Now that we've established these properties, let's see how they are applied video games.

  1. Temporal State For Player Behavior Analysis - A client's rendering of the game is their temporal state. We must track this state in order to analyze their behavior. For a CSGO game with 10 players, we need the trace to record 10 different temporal states in order to study each client's behavior.
  2. Desync And Merge Events For Network Debugging - Not all network lag is problematic. Lag is only an issue if it impacts gameplay. For example, the death shown in the images above is an impossible event from the server's perspective: a player died behind a wall.
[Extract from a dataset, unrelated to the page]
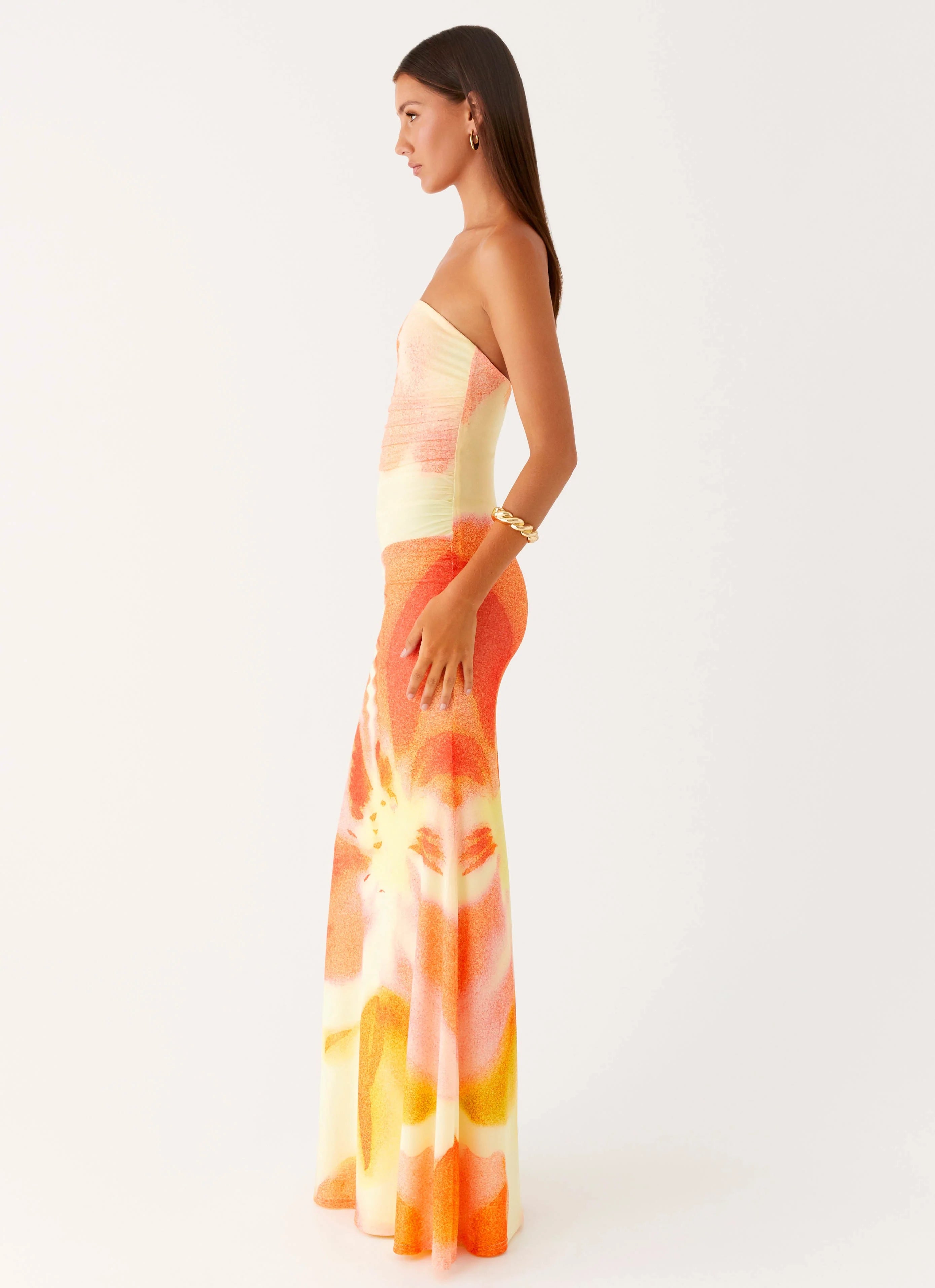 Sleek, sultry, and made to mesmerise — the Iroha Strapless Maxi Dress brings effortless drama to your PM plans. Featuring a strapless neckline with silicone taping for support, this curve-hugging silhouette is crafted from stretch mesh with flattering side ruching. Designed in our exclusive print, it’s the ultimate statement after dark.

The client desynced from the server, showing the player in a different location, and then merged by creating an impossible event, a death behind a wall. This is a situation where lag impacts gameplay. Tracking when lag causes desync events between the temporal states will enable us to focus on network issues that impact gameplay.
  3. Multiple Temporal Granularities For Weapon Design - Weapons are designed for specific types of players, such as CSGO's shotguns with low accuracy and random damage. The shotguns are easy to use because the player's aim has little impact on the result of a shot. We would like to analyze if these weapons are correctly designed by correlating low skilled players' crosshair placement and weapons success. This analysis requires granular rendering data for low skilled players and little data for high skilled players. Multiple temporal granularities allow us to adjust the rendering data recorded per player.
  4. Spatial State For Organizing Infrastructure - Servers need to run at a constant tick rate to provide consistent gameplay. Running too many servers on the same physical machine can increase variance and degrade gameplay. But, running too few servers on the same machine will increase costs. Tracking spatial state enables developers to precisely balance server layout by diagnosing when desync events result from servers that are too tightly packed.

If you have questions, comments, or ways to improve this proposal, please email me at durst@stanford.edu.

Footnotes

  1. I know Git doesn't require a single source of truth. However, the standard way to use Git is with GitHub as a central server and single source of truth.